─── Extracted records ───

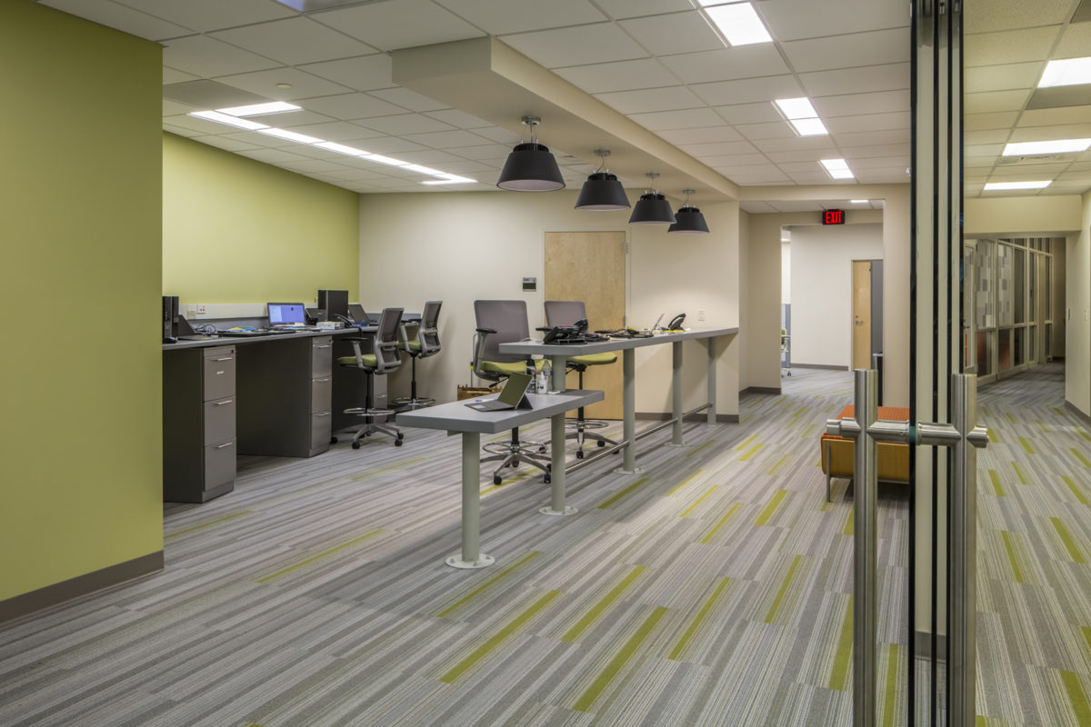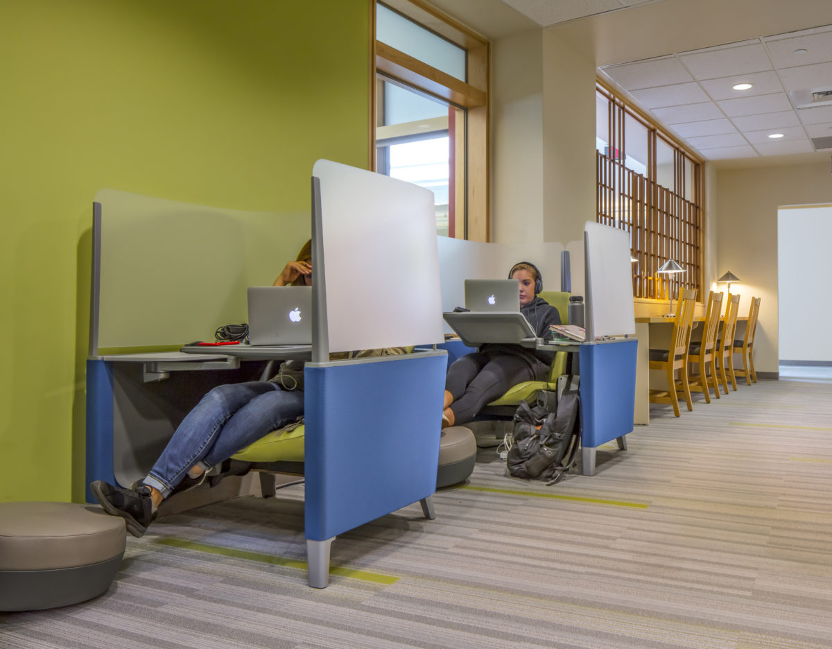 The library’s Information Technology team are front and center in the new space. IT staff are available to work one-on-one with faculty for training in new instructional techniques. Students can ask research questions and get guidance on the vast electronic resources available to them.
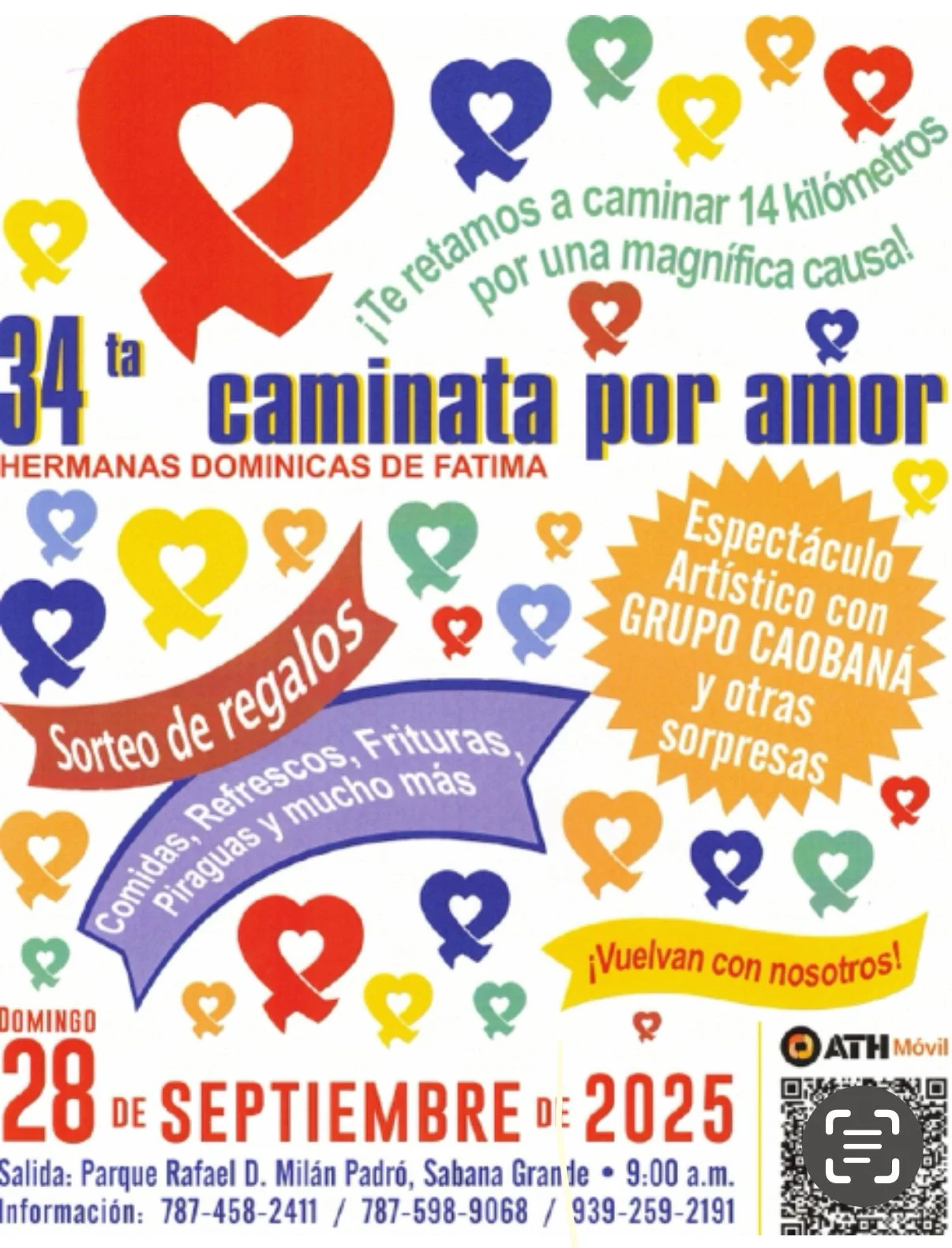 Las Hermanas Dominicas de Fátima les invita a la 34ta Caminata por Amor, que se llevará a cabo el domingo, 28 de septiembre de 2025. Esta es una actividad que se celebra una vez al año con el fin de recaudar fondos. Este año pondremos prioridad en comenzar la restauración de nuestra Casa Madre ya que tras el terremoto 2020 aún no se ha contado con ayuda y no hemos podido hacer nada, ya tiene demasiadas filtraciones. Guarda la historia de nuestra fundadora, la Sierva de Dios, M. Dominga Guzmán Florit, O.P. y nuestras misiones en Venezuela, Santo Domingo y otra que se abrirá pronto en Perú además de nuestras obras y proyectos en pro de las familias y otras necesidades de la Congregación. Esta caminata tiene un propósito espiritual: los participantes caminan por sus intenciones y las de las personas que los auspicien.
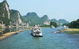 主要路線為桂林磨盤山碼頭或竹江碼頭——陽(yáng)朔段航線,是漓江航區(qū)的精華部分。沿途景點(diǎn)有:冠巖、童子拜觀音、九馬畫山、黃布倒影等。游覽時(shí)長(zhǎng)4.5小時(shí)左右。
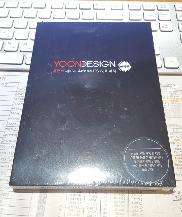 폰트도 보관만 하고 있어서 비닐커버도 그대로 있습니다. 윤폰트는 1대의 컴퓨터에만 설치가능한 1system용입니다.
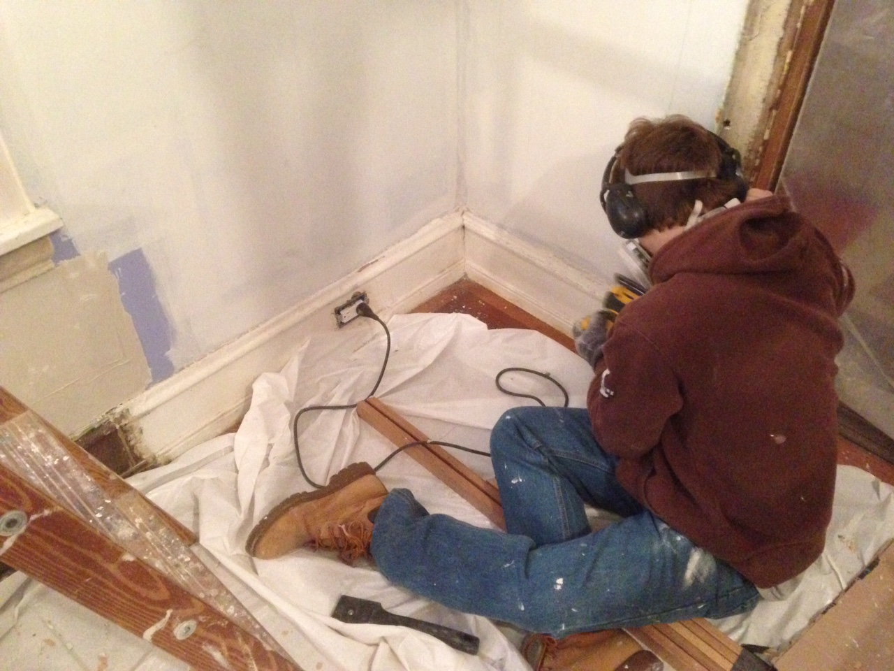My brother-law helped us scrap, putty, & sand all the existing wood trim. Thanks man!
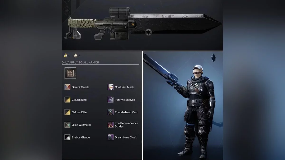 На втором скрине можно увидеть предметы, которые использовались для того, чтобы охотник в игре выглядел как Гатс. В качестве основного оружия, имитирующего двуручный меч «Убийца Драконов», выступает снайперская винтовка «Бремя Идзанаги» с орнаментом Worldshaper.
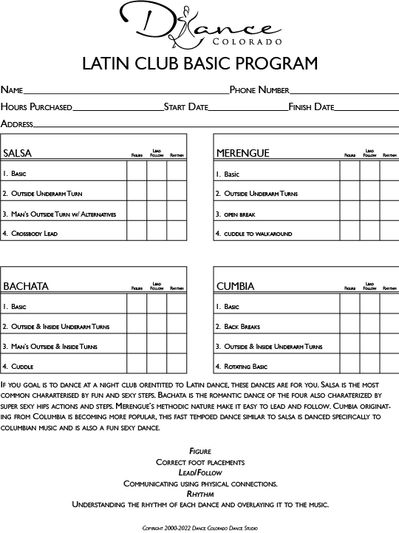 Basic Program - The Basic Program is designed to teach you the basic figures necessary to help you navigate around the dance floor. In this level, you will learn three to four figures per dance, develop a beginning understanding of rhythm, and learn basic leading and following skills. Preparing you for the medal programs.
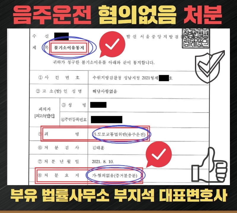 부유법률사무소의 적극적인 방어에 힘입어 결국 검찰 단계에서 음주운전 혐의에 대하여 혐의없음 무혐의 처분을 이끌어 낼 수 있었습니다.
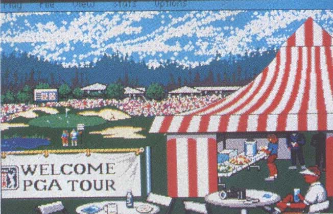 Put your skills to the test on any of three Tournament Players Club golf courses: Avenel, Sawgrass, or the PGA West Stadium. But before you go out on the tour, you'll want to visit the Pro Shop. This opening screen provides menus for Play, File, View, Stats, and Options and is a good example of the detail built into the PGA Tour Golf interface. You can pull down menus and play the game with keyboard commands, a mouse, or a joystick. From the Pro Shop Play menu, for example, you can hone your driving and putting skills, play a Practice Round, or move to a Tournament.

───

> The problem
Exactly the lines from the one with "На втором скрине" through the end of the listing above are to be repeated, with no pictures.

> Answer box
 На втором скрине можно увидеть предметы, которые использовались для того, чтобы охотник в игре выглядел как Гатс. В качестве основного оружия, имитирующего двуручный меч «Убийца Драконов», выступает снайперская винтовка «Бремя Идзанаги» с орнаментом Worldshaper.
 Basic Program - The Basic Program is designed to teach you the basic figures necessary to help you navigate around the dance floor. In this level, you will learn three to four figures per dance, develop a beginning understanding of rhythm, and learn basic leading and following skills. Preparing you for the medal programs.
 부유법률사무소의 적극적인 방어에 힘입어 결국 검찰 단계에서 음주운전 혐의에 대하여 혐의없음 무혐의 처분을 이끌어 낼 수 있었습니다.
 Put your skills to the test on any of three Tournament Players Club golf courses: Avenel, Sawgrass, or the PGA West Stadium. But before you go out on the tour, you'll want to visit the Pro Shop. This opening screen provides menus for Play, File, View, Stats, and Options and is a good example of the detail built into the PGA Tour Golf interface. You can pull down menus and play the game with keyboard commands, a mouse, or a joystick. From the Pro Shop Play menu, for example, you can hone your driving and putting skills, play a Practice Round, or move to a Tournament.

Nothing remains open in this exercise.